First: By virtue of the Emancipation Act of 1919, called "The Married Woman's Act of Tennessee," (chap. 126) the automobile being in the possession of Mrs. Kate Washington and the husband being absent at the time the deceased was killed, the law presumes the automobile to be Mrs. Washington's property. Park v. Harrison, 27 Tenn. 411; Priest v. Banking Trust Co.,148 Tenn. 8; Gregory v. Burlington, etc., Co., 10 Neb. 250, 4 N.W. 1025; Chicago, etc., Co. v. Newburn, 270 Okla., 9, 110 Pac., 1065; Farwell v. Cramer (Neb., 1893), 56 N.W. 716; Oberfelder v. Kavanaught (Neb. 1890), 45 N.W. 471; Wigmore on Evidence (2 Ed.), sec. 2515; Jones on Evidence (Horwitz), sec. 74.

Second: The defendant is not liable in the instant case because the husband is not liable for the torts of the wife merely because of a marital relationship, and in support of this contention the following authorities are cited: Price v. Clapp,119 Tenn. 425; Missio v. Williams, 129 Tenn. 504; Knoxville, etc., Co. v. Vangilder, 132 Tenn. 487; City of Chattanooga v. Carter, 132 Tenn. 609; Lillienkamp v. Rippitoe, 133 Tenn. 57; McIrvin v. Lincoln Memorial University, 138 Tenn. 260; Moffat v. Schenck, 141 Tenn. 305; Morton v. State, 141 Tenn. 357; Foster v. Ingle, 147 Tenn. 217; Priest v. Banking Trust Co.,148 Tenn. 87; Martin v. Robson (1872), 65 Ill. 129, 16 Am. Rep., 578; Hagenbush v. Ragland (1875), 78 Ill. 40; Claxton v. Poole (Mo., 1917), 197 S.W. 349; L.R.A., 1918 a; Schuler v.

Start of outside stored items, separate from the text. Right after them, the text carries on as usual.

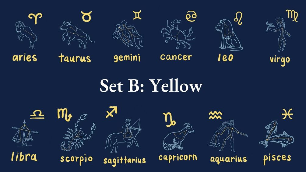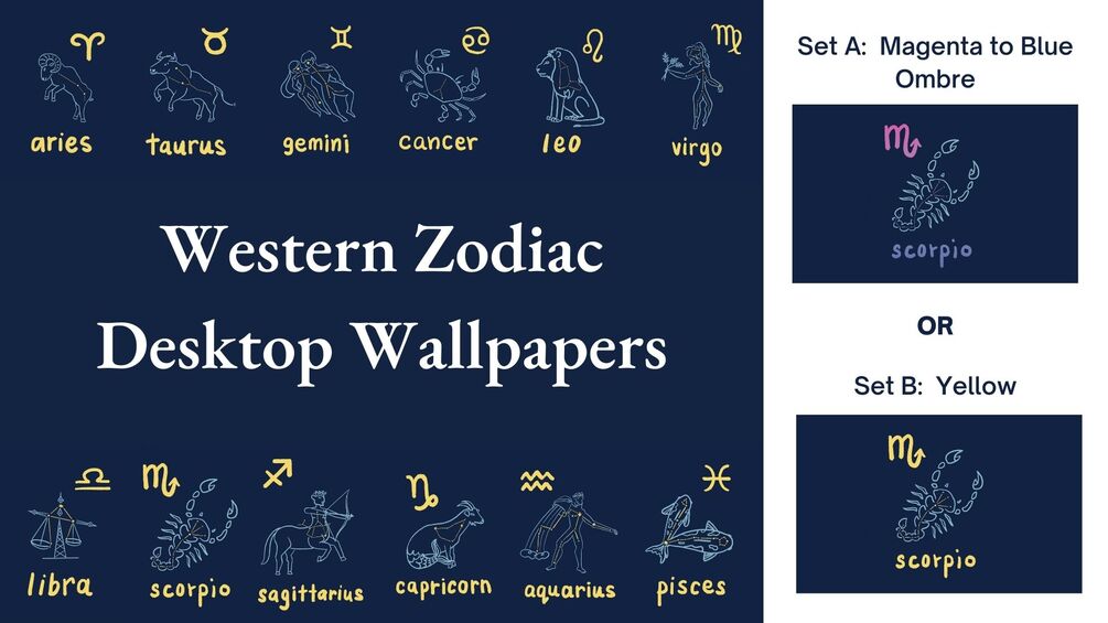 • Set B: 12 western zodiac desktop wallpapers with a yellow background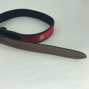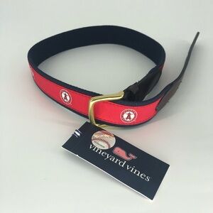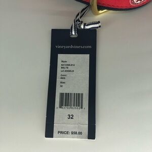 Vineyard Vines Men’s Los Angeles Angels MLB Baseball Leather and Canvas Belt. New with tags. Size 32 waist. 100% Cotton Canvas, 100% Nickle buckle, 100% imported silk webbing, and 100% Italian Bridle leather. Five notches for hole adjustment.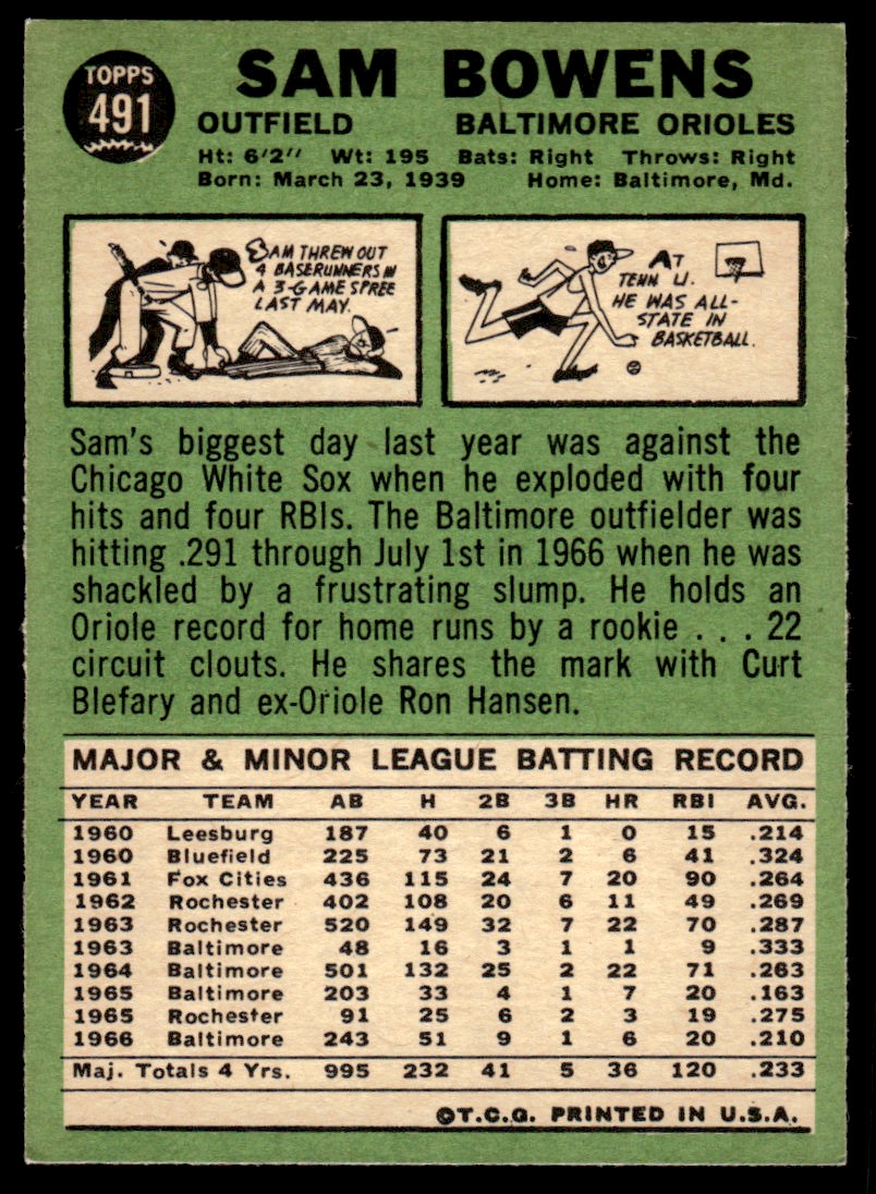 | Description: | Sam Bowens | | Category: | Baseball | | Year: | 1967 | | Product: | Topps | | Team: | Baltimore Orioles | | Card Number: | 491 | | Dimensions: | 3½" x 2½" |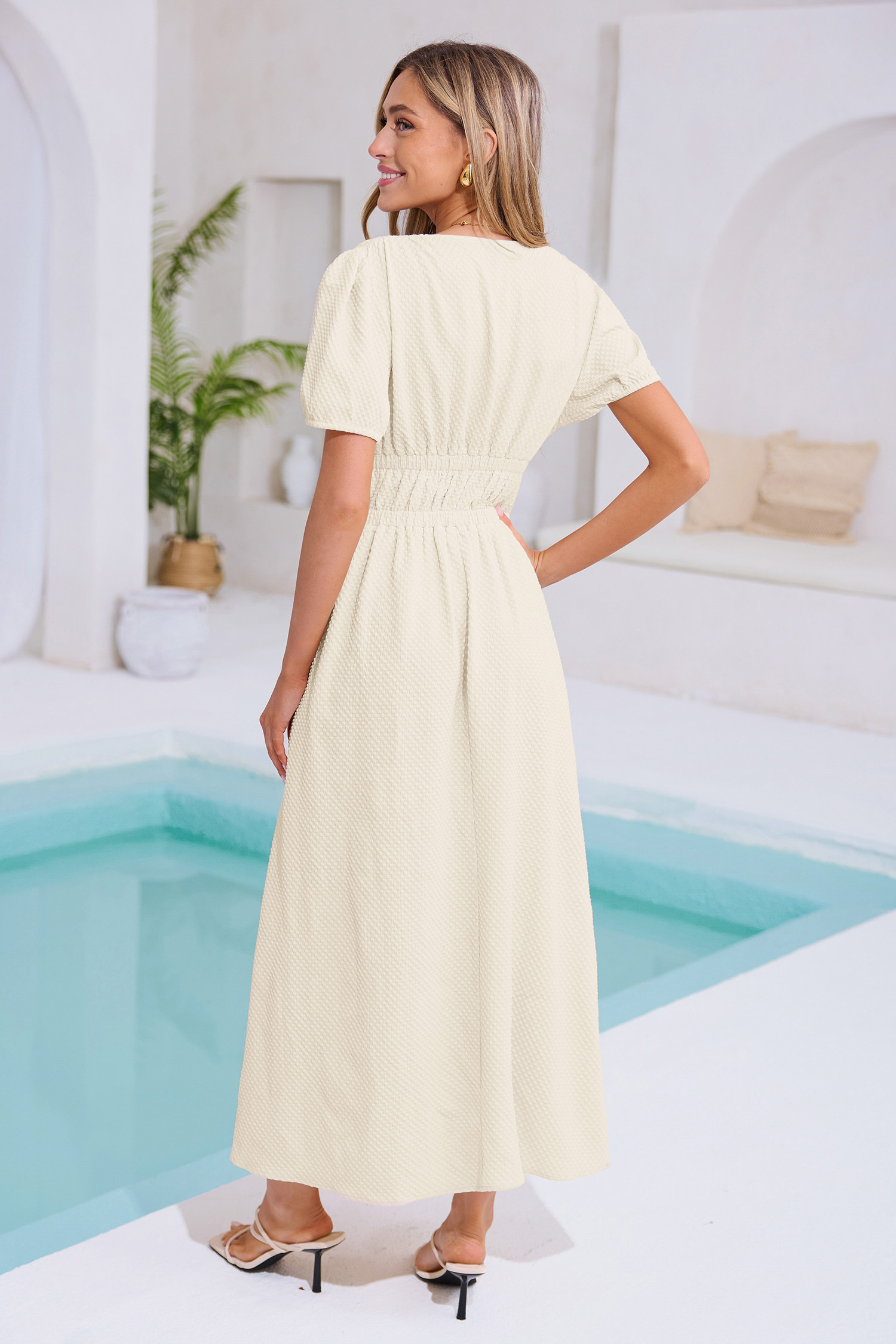 Romantische zachte gele maxi-jurk met pofmouwen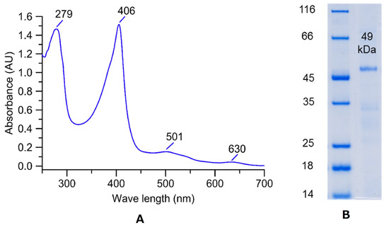 Purified XgrDyP exhibited the characteristic reddish color of heme-containing enzymes and had absorption maxima at 406, 501, and 630 nm (Figure 3A). The protein appeared as a single protein band with a molecular mass of 49 kDa in the SDS-PAGE gel indicating its pure nature (Figure 3B).
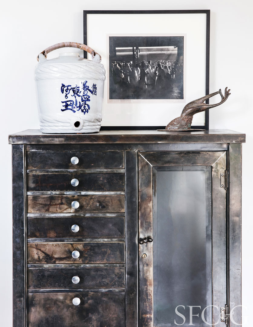 A metal cabinet from Big Daddy’s Antiques holds a curated collection: an antique sake jar sourced in Tokyo, a Cambodian bronze hand and one of Lithander’s favorite works, a photograph of India.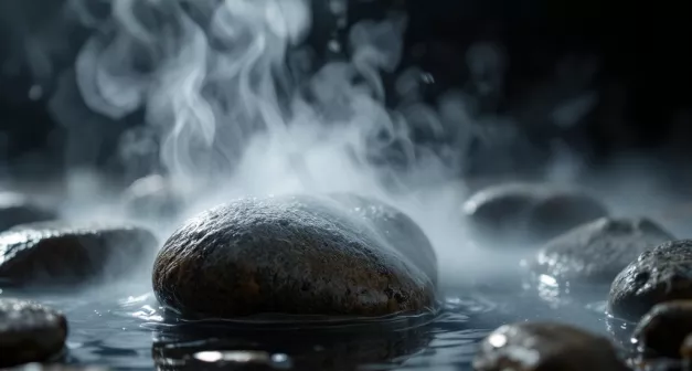 Après avoir chauffé les pierres, préparez un récipient résistant à la chaleur, comme une marmite en fonte ou un grand pot en acier inoxydable. Remplissez-le d'eau jusqu'à 75 % de sa capacité pour laisser de la place aux pierres. Pour une chauffe efficace, l'eau devrait idéalement atteindre 50°C. Placez délicatement les pierres dans l'eau en utilisant des pinces pour éviter de vous brûler. Remuez doucement l'eau avec une cuillère en bois pour aider à répartir la chaleur uniformément. Si l'eau dépasse 60°C, retirez quelques pierres ou laissez refroidir légèrement avant utilisation. Vérifiez la température toutes les 5 minutes pour vous assurer qu'elle reste stable.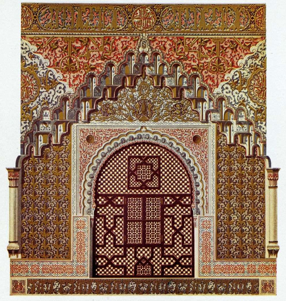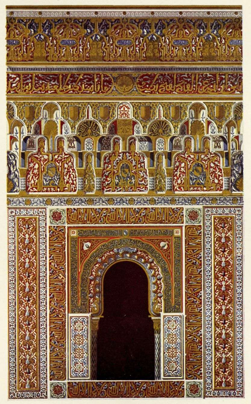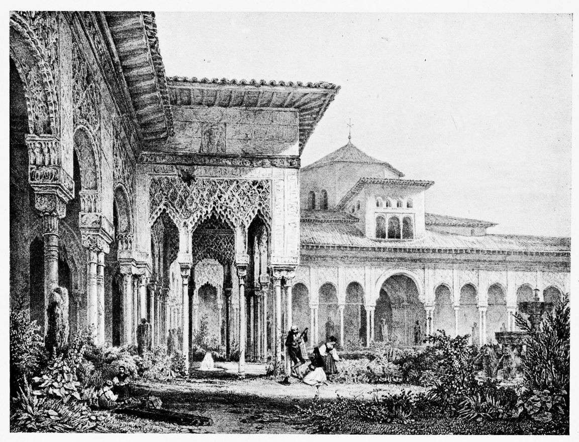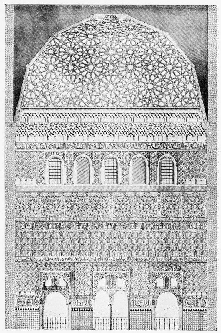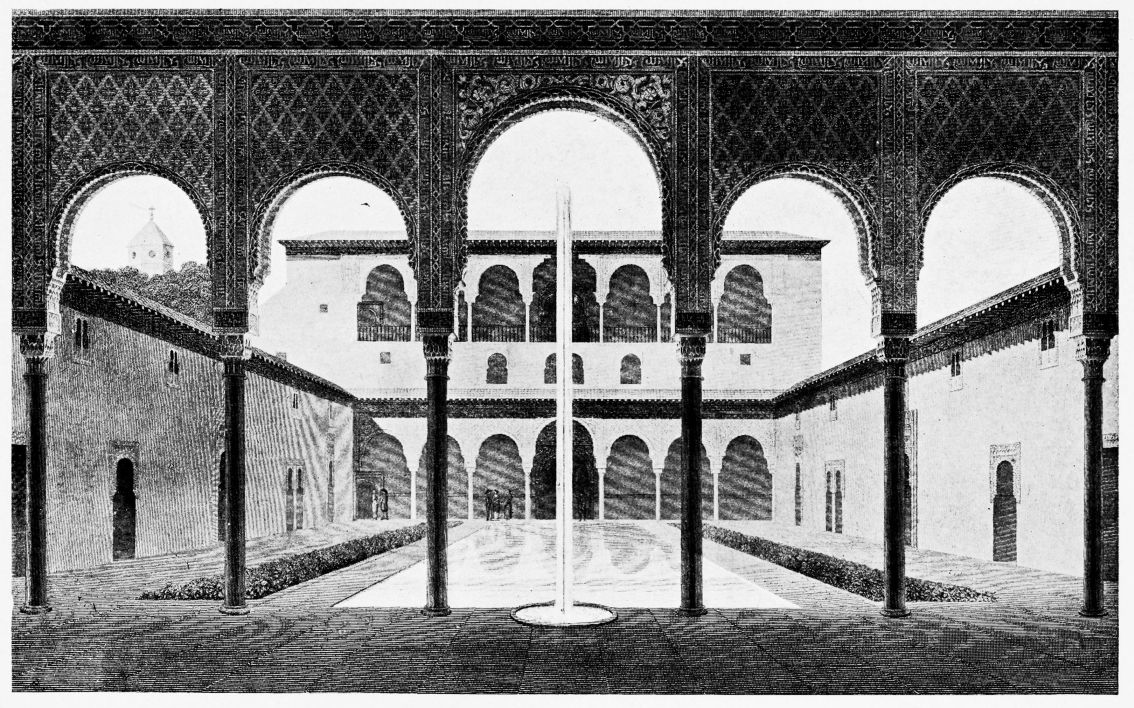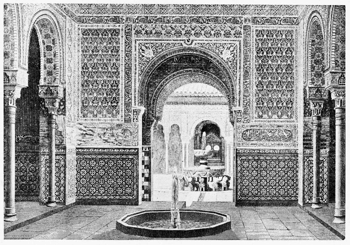 Don Mariano Contreras, Conservator of the Alhambra, the son of the gifted Raphaël Contreras, who devoted thirty-seven years of his life to the restoration of the Palace—gave me the benefit of his knowledge of this unique treasure-house of art; and I have also laid under contribution the beautiful plates of Owen Jones, who disposed of a Welsh inheritance in order to produce his great work on the Plans, Elevations, Sections and Details of the Alhambra. Jones’s Grammar of Ornament, which has been described as “beautiful enough to be the horn-book of the Angels,” also contains the result of his researches in the Alhambra, which occupied him for the greater part of eleven years. A selection of these illustrations is here rescued from the obscurity of public libraries and the inaccessible recesses of private collections. The inclusion of John F. Lewis’s drawings, and the reproduction of a series of pictures by James C. Murphy, who spent seven years in the study of the artistic marvels of the Alhambra, I do not feel called upon to defend. The photographs, several of which were placed at my disposal by Don Rafaël Garzón, represent the buildings as they appear to-day; the drawings were made before the Palace was damaged by the disastrous fire of September, 1890.{ix}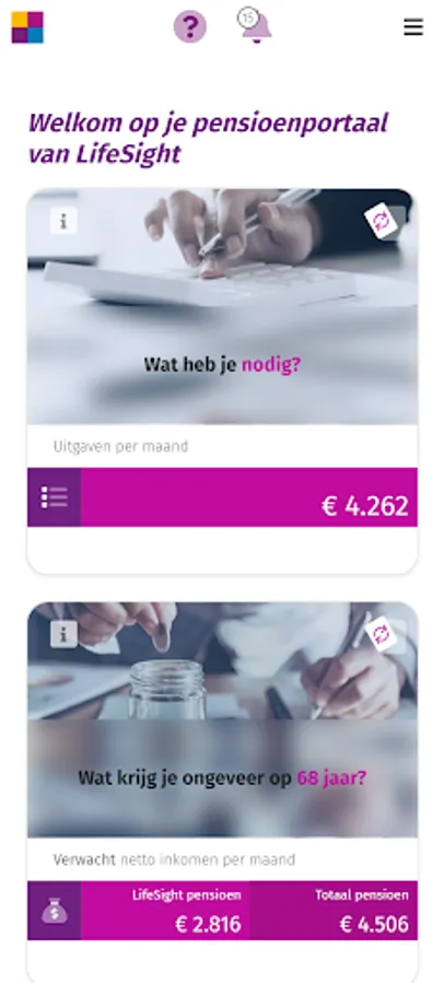 LifeSight is a modern and independent pension provider that strives for the best outcomes for its clients. We do this by searching and choosing the best parties in the field of investment and insurance and bundling them in a solution for you. We provide you with a simple insight into your personal pension situation and the possibilities to adjust matters to your wishes. Do you want even simpler and faster insight into your pension? Then download the LifeSight pension app.

Henry (1908), 42 Colo. 367, 94 Pac., 360, 14 L.R.A. (N.S.), 1009; Murray v. Newmyer (1919), 66 Colo. 459, 182 Pac., 888; Norris v. Corkill (1884), 32 Kans., 409, 4 P. 862, 49 Am. Rep., 489; Lane v. Bryant (1896), 100 Ky. 138, 37 S.W. 584, 36 L.R.A., 709; Davidson v. Manning (1916), 168 Ky. 288, 181 S.W. 1111; Harris v. Webster (1878), 58 N.H. 481; Crouse v. Lubin (1918), 260 Pa. 329, 103 Atl., 725; Culmer v. Wilson (1896), 13 Utah 129, 44 Pac., 833, 57 Am. St. Rep., 713; Bourland v. Baker (1919),141 Ark. 28, 216 S.W. 707; Landry v. Richmond (R.I., 1924), 124 Atl., 263; Drake v. Rowan (Mo., 1925), 272 S.W. 101; Note — 27 A.L.R., 1214; Huddy on Automobiles (7 Ed.), sec. 785; Babbitt, The Law Applied to Motor Vehicles (3 Ed.), sec. 1195.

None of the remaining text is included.